Kafka - The basics you need to know

Kafka is a distributed streaming platform which uses logs as the unit of storage for messages passed within the system. It is horizontally scalable, fault-tolerant, fast, and runs in production in thousands of companies. Likely your business is already using it in some form.

What you must know about Apache Kafka to use Faust

Topics

A topic is a stream name to which records are published. Topics in Kafka are always multi-subscriber; that is, a topic can have zero, one, or many consumers that subscribe to the data written to it. Topics are also the base abstraction of where data lives within Kafka. Each topic is backed by logs which are partitioned and distributed.

Faust uses the abstraction of a topic to both consume data from a stream as well as publish data to more streams represented by Kafka topics. A Faust application needs to be consuming from at least one topic and may create many intermediate topics as a by-product of your streaming application. Every topic that is not created by Faust internally can be thought of as a source (for your application to process) or sink (for other systems to pick up).

Partitions

Partitions are the fundamental unit within Kafka where data lives. Every topic is split into one or more partitions. These partitions are represented internally as logs and messages always make their way to one partition (log). Each partition is replicated and has one leader at any point in time.

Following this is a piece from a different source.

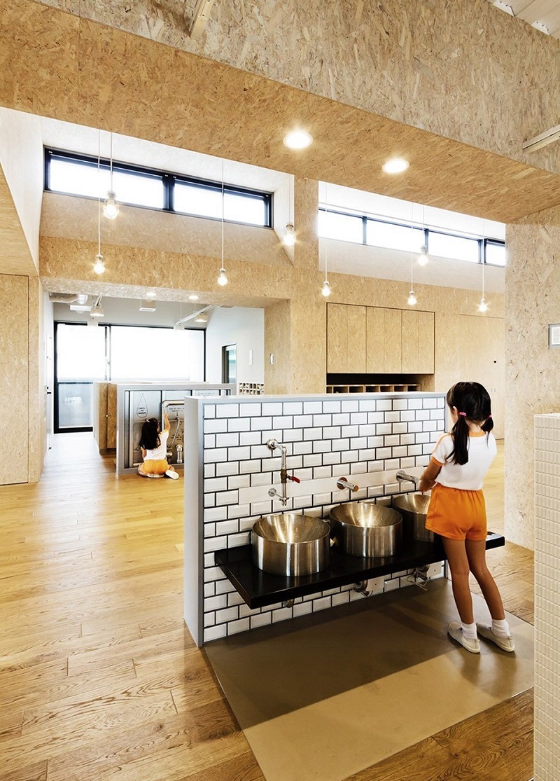托兒所使用了大量的歐松板作為墻體、做櫥柜或是園所內(nèi)的柱子,歐松板獨(dú)特的紋理給園所帶來一種粗糲的美感,與園所外圍的工業(yè)風(fēng)也能相協(xié)調(diào),歐松板的顏色和地面的實(shí)木地板相近色的搭配,視覺上的感受能更舒適,此外歐松板由于內(nèi)部結(jié)構(gòu)極其穩(wěn)定,制成的房屋還具有不沉降、抗老化和抗震性,對(duì)于日本這個(gè)處于地震帶的區(qū)域而言,公共建筑具有高等級(jí)的抗震性是十分必要的。
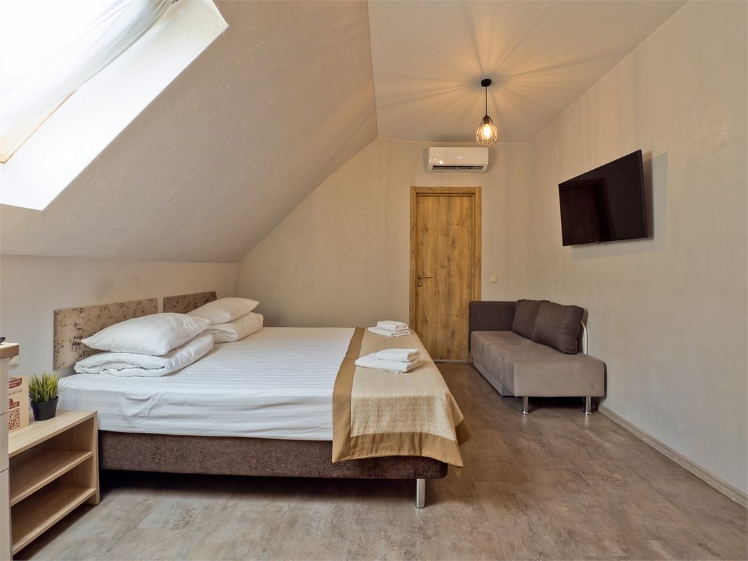 Номер категории Стандарт мансардный предназначен для комфортного проживания одного, двух или трех человек. В каждом номере две раздельные односпальные кровати или одна двуспальная кровать. Дополнительное место - раскладной диван. Номер в современном стиле. Мансардные окна. Небольшой кухонный уголок с раковиной, микроволновой печью, минибаром, чайником, набором для чая. Рабочая зона, стулья, кресло, журнальный столик, тумбы, шкаф для одежды, багажная полка. Для безопасности - сейф и система пожаротушения. Система климат-контроля позволит поддерживать комфортную температуру, а отопление позволит согреться в холодное время. Для вашего комфортного пребывания в каждом номере есть дополнительные удобства: набор махровых полотенец, фен, тапочки, зубной набор и другие гигиенические принадлежности.Услуги и удобства

Faust uses the notion of a partition to maintain order amongst messages and as a way to split the processing of data to increase throughput. A Faust application uses the notion of a “key” to make sure that messages that should appear together and be processed on the same box do end up on the same box.

Fault Tolerance

Every partition is replicated with the total copies represented by the In Sync Replicas (ISR). Every ISR is a candidate to take over as the new leader should the current leader fail. The maximum number of faulty Kafka brokers that can be tolerated is the number of ISR - 1. I.e., if every partition has three replicas, all fault tolerance guarantees hold as long as at least one replica is functional

Faust has the same guarantees that Kafka offers with regards to fault tolerance of the data.

Distribution of load/work

For every partition, all reads and writes are routed to the leader of that partition. For a specific topic, the load is as distributed as the number of partitions. Note: Since the partition is the lowest degree of parallel processing of messages, the number of partitions control how much many parallel instances of the consumers can operate on messages.

Faust uses parallel consumers and therefore is also limited by the number of partitions to dictate how many concurrent Faust application instances can run to distribute work. Extra Faust application instances beyond the source topic partition count will be idle and not improve message processing rates.

Offsets

For every <topic, partition> combination Kafka keeps track of the offset of messages in the log to know where new messages should be appended. On a consumer level, offsets are maintained at the <group, topic, partition> level for consumers to know where to continue consuming for a given “group”. The group acts as a namespace for consumers to register when multiple consumers want to share the load on a single topic.

Kafka maintains processing guarantees of at least once by committing offsets after message consumption. Once an offset has been committed at the consumer level, the message at that offset for the <group, topic, partition> will not be reread.

Faust uses the notion of a group to maintain a namespace within an app. Faust commits offsets after when a message is processed through all of its operations. Faust allows a configurable commit interval which makes sure that all messages that have been processed completely since the last interval will be committed.

Log Compaction

Log compaction is methodology Kafka uses to make sure that as data for a key changes it doesn’t affect the size of the log such that every state change is maintained for all time. Only the most recent value is guaranteed to be available. Periodic compaction removes all values for a key except the last one.

Tables in Faust use log compaction to ensure table state can be recovered without a large space overhead.